═════ Information ═════
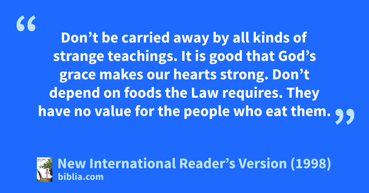 9Don’t be carried away by all kinds of strange teachings. It is good that God’s grace makes our hearts strong. Don’t depend on foods the Law requires. They have no value for the people who eat them. 10Some worship at the holy tent. But we have an altar that they have no right to eat from.
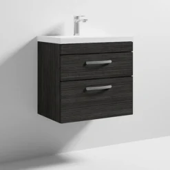 Brooklyn 600mm Black Woodgrain Wall Hung 2-Drawer Vanity Unit with Thin-Edged Ceramic Basin
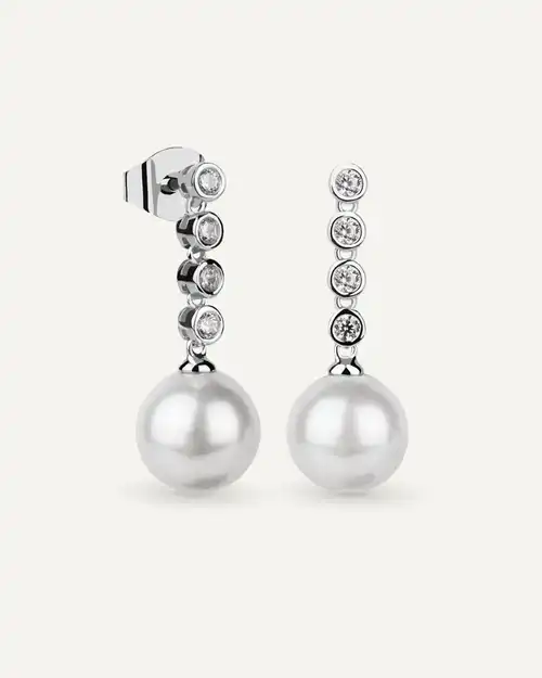 Pendientes en plata de ley 925mls con doble baño de platino y rodio y circonitas EXCELLENCE STAR CUT talladas con los estándares ideales del corte brillante. Ofreciendo el máximo brillo habiendo utilizado el corte ideal de Tolkowsky, reconocido como el corte brillante más perfecto del mundo y perla de concha con núcleo de nácar recubierto por una mezcla fina de polvo de nácar.
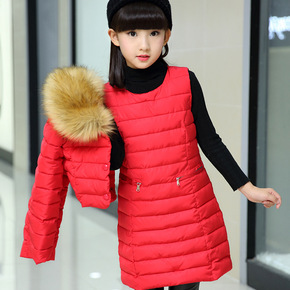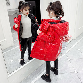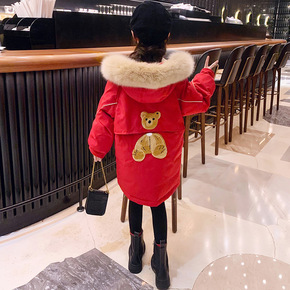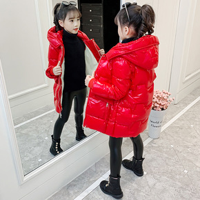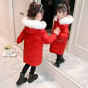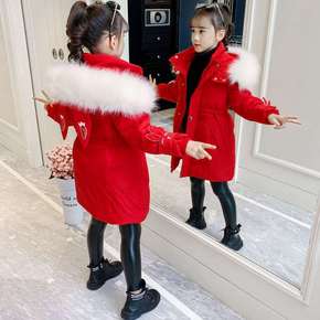 女童棉服中长款新款秋冬季儿童红色外套小女孩加厚棉袄...
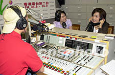 ![]() 歌星容祖兒7日在香港接受香港電臺(tái)“娛樂滿天星”訪問,“娛樂滿天星”兩位主持周國豐(背鏡者)、陳淑蘭問及祖兒最新動(dòng)態(tài)。中新社圖 鄧慶樂 攝
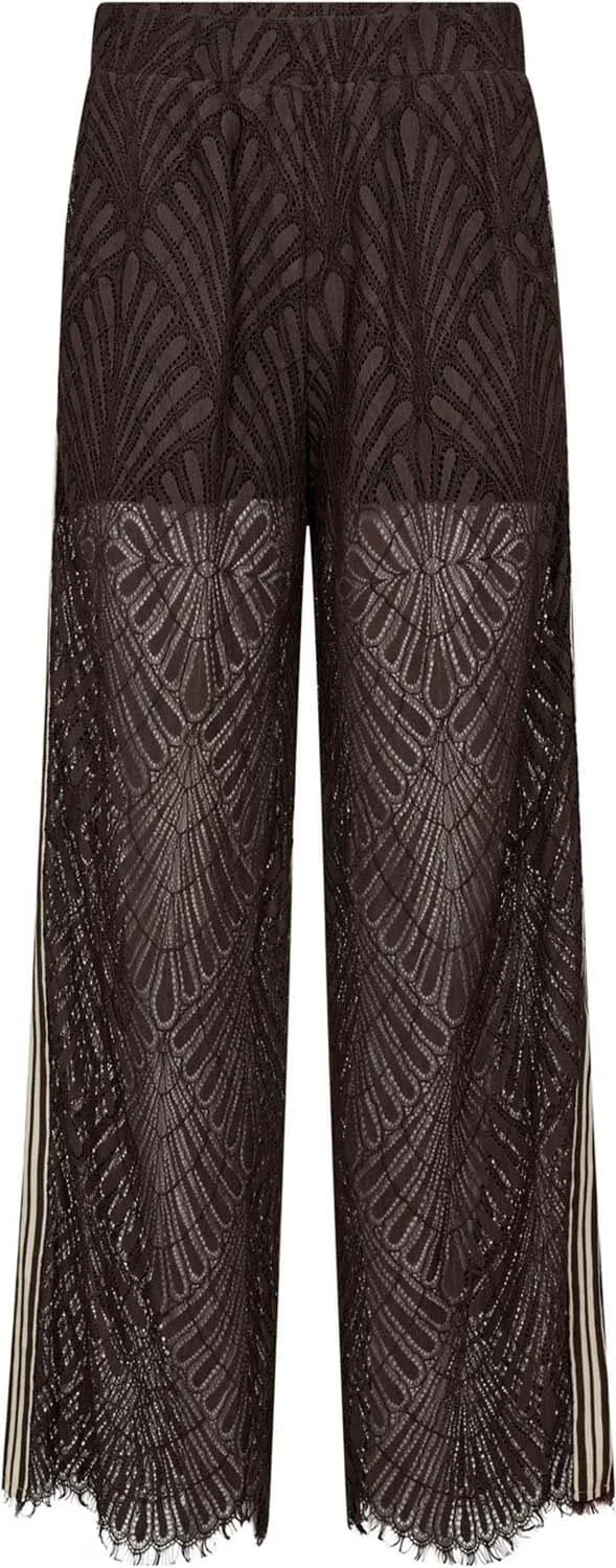 Broek Leti van Co'Couture is een lange broek met wijde pijpen en elastische taille. De zwarte stof heeft een grafisch, kantachtig patroon met transparant effect en geschulpte zoom. Afgewerkt met franjes langs de zijnaden. Combineer met een effen top en hakken voor feest.
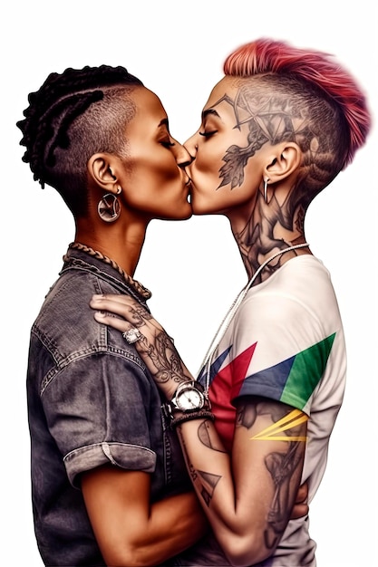 プライド ゲイ中に幸せなレズビアン 1 人の白人 1 人の黒人がキスする生成 AI 背景イラストPremium AI生成画像。
═════
• **Task requirements**
Beginning with the line that contains "Brooklyn 600mm Black", write out the remaining lines of the listing above through the last, exactly and only those, without pictures.

• **Answer to this exercise**
 Brooklyn 600mm Black Woodgrain Wall Hung 2-Drawer Vanity Unit with Thin-Edged Ceramic Basin
 Pendientes en plata de ley 925mls con doble baño de platino y rodio y circonitas EXCELLENCE STAR CUT talladas con los estándares ideales del corte brillante. Ofreciendo el máximo brillo habiendo utilizado el corte ideal de Tolkowsky, reconocido como el corte brillante más perfecto del mundo y perla de concha con núcleo de nácar recubierto por una mezcla fina de polvo de nácar.
 女童棉服中长款新款秋冬季儿童红色外套小女孩加厚棉袄...
 ![]() 歌星容祖兒7日在香港接受香港電臺(tái)“娛樂滿天星”訪問,“娛樂滿天星”兩位主持周國豐(背鏡者)、陳淑蘭問及祖兒最新動(dòng)態(tài)。中新社圖 鄧慶樂 攝
 Broek Leti van Co'Couture is een lange broek met wijde pijpen en elastische taille. De zwarte stof heeft een grafisch, kantachtig patroon met transparant effect en geschulpte zoom. Afgewerkt met franjes langs de zijnaden. Combineer met een effen top en hakken voor feest.
 プライド ゲイ中に幸せなレズビアン 1 人の白人 1 人の黒人がキスする生成 AI 背景イラストPremium AI生成画像。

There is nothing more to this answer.